The difference between this approach and its predecessors is that DeepMind hopes to use “long-term dialogue for safety,” says Jeffrey Irving, a safety researcher at DeepMind.
“That means we don’t expect the problems we have with these models – whether it’s misinformation or stereotypes or anything else – that are obvious at first glance, and we want to talk about them in detail. That means between machines and humans as well.
Sarah Hooker, who leads Cohere for AI, a nonprofit AI research lab, says DeepMind’s idea of using human preferences to improve how an AI model learns is not new.
“But the improvements are compelling and show clear benefits for human-directed optimization of dialogue agents in setting up a model in a big language,” Hooker says.
Dwe Kela, a researcher at AI startup Hugging Face, says Sparrow is a “nice next step that follows a general trend in AI as we try more seriously to improve the security aspects of large language model deployments.”
But there is a lot of work to be done before these conversational AI models can be deployed in the wild.
The sparrow still made mistakes. The model sometimes gets off topic or makes random answers. The determined participants were also able to make the model break rules 8% of the time. (This is still an improvement over older models: previous DeepMind models broke the rules three times more than Sparrow.)
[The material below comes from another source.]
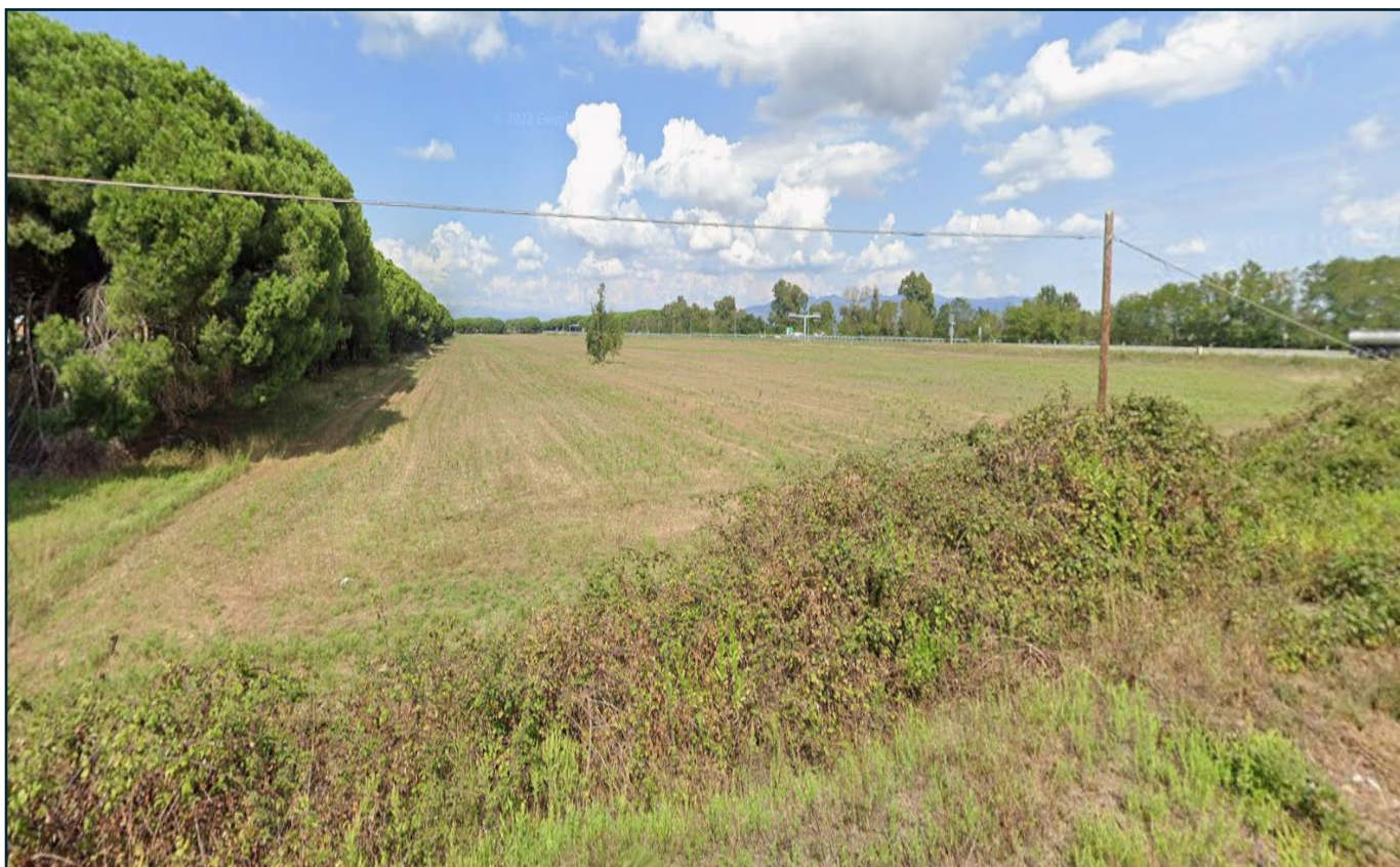
Veduta dei terreni dalla rampa di accesso al cavalcavia dell'Autostrada A-12

“For areas where human harm can be high if the agent responds, such as providing medical and financial advice, this may still feel to many as an unacceptably high failure rate,” Hooker says. The work is also built around an English language model, “while we live in a world where technology has to safely and responsibly serve many different languages,” she adds.
Kela points out another problem: “Relying on Google for information leads to unknown biases that are difficult to detect, since everything is closed source.”